Ricardo oyó su nombre y sintió una delación, fragmentaria de un momento, un minuto, un segundo, una eternidad. Era él, estaba ahí, Eichmann en su más pura desnudez, solo le faltaba el uniforme. Un tajo de humedad le arrasó la cara. La mirada de Borges deambulaba por el tumbado de la biblioteca acariciando el lomo de un libro que traía en la mano.


—¿Quién es él? —dijo Klement, su voz generó un eco amargo, la biblioteca se había vaciado de gente casi en su totalidad, era ya un escenario opresivo.


—Es el responsable directo de la muerte sistemática de los judíos, fue quien introdujo la idea de hacer campos de concentración e instaurar la llamada Solución final. Muchos dicen que esta frase es un eufemismo de holocausto. Por mi parte creo que no puede haber un eufemismo de otro eufemismo. Ahora que sabemos más detalles de la Segunda Guerra Mundial, Solución final vendría siendo más bien un oxímoron. Después de todo ya lo decía Platón en el Cratilo: “Toda verdad contiene en sí el germen de una ironía”. Es igual que Eichmann, el ‘hombre oxímoron’. Imagínese usted: este hombre que ha propiciado la aniquilación de millones debe estar ahora en algún lugar del mundo anotando la lista de la compra o, quién sabe, entregándose al placer de no hacer nada.


Eichmann se puso a jugar con sus anteojos. Se retorcía sin saber si le molestaban las palabras con que Borges lo había definido o ese aspecto hierático de su fisonomía. Borges continuó hablando:


—Tuve que ser Eichmann por unos días mientras escribía el “Deutsches” y cuando lo concluí no dejaba de pensar qué hubiera pasado si él llegaba a concluir su trabajo burocrático, es decir, si exterminaba hasta el último judío de la Tierra.


—El mundo sería otro.


—El mundo sería Tlön. Qué tal esta variante para un cuento: los nazis matan a todos los judíos pero sobrevive uno solo.


—¡Qué ocurrencia!


—Ese sobreviviente sería necesariamente el Messiah. Él solo personificaría al Pueblo de Dios. Tendría que edificar el Templo encima de un campo de concentración, debía ser así. Su Shemá Israel sería una conversación. Todo el mundo sería Jerusalén.


—En el fondo el holocausto era una forma muy frontal de acercarse a Dios.

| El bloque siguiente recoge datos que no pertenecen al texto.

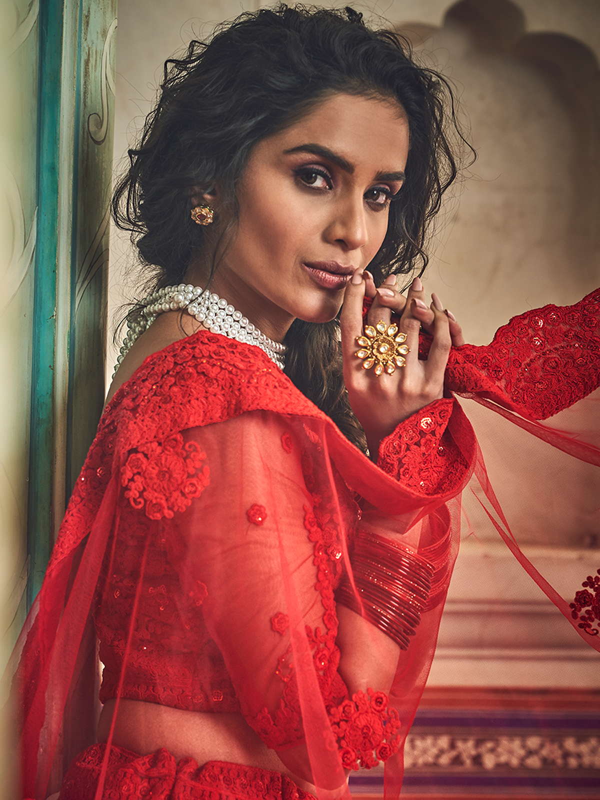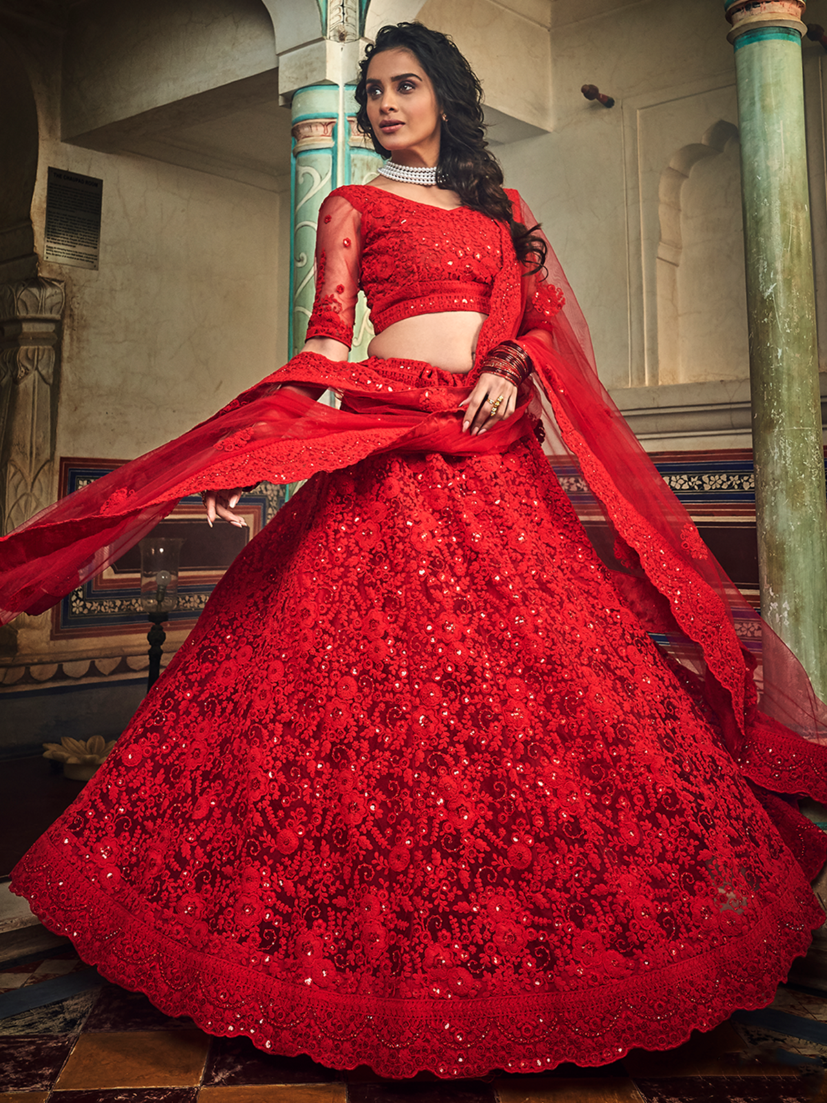 Add light to the celebration called life beaming in this lehenga, choli and dupatta set. Crafted on soft net, the set is beautified with Dori, Zarkan, Sequins work.

—Si usted lo dice. La palabra holocausto que usted ha usado le rinde un homenaje justo. Siempre que pienso en esa palabra me remito inmediatamente a Caín. ¿Dónde estará Eichmann? ¿En qué cloaca estará aguardando cada puesta de sol para poder salir a caminar? Los periódicos dicen que es padre. Sus hijos llevarán su marca. Puede que, como van las cosas en Núremberg, Eichmann se convierta en el único sobreviviente nazi.


—¡Qué barbaridad!, después de todo, huir significa seguir siendo fiel al Reich.


—¿Cómo dice? No le escuché bien.


—Además de ciego es sordo —Borges dio un pequeño respingo en su asiento.


—Lo siento, buen hombre. Pues, veo que ha llegado la hora de la verdad. Sépalo usted, yo soy Adolf Eichmann, ahora sí, aborrézcame. No merezco estrechar su mano que me ha delatado ante el mundo de la gran ficción, de la literatura —Borges calló, su rostro no mostraba perplejidad, solo una intensa ruina. Luego dijo:


—Si este encuentro es un sueño, cada uno de los dos tiene que pensar que el soñador es él.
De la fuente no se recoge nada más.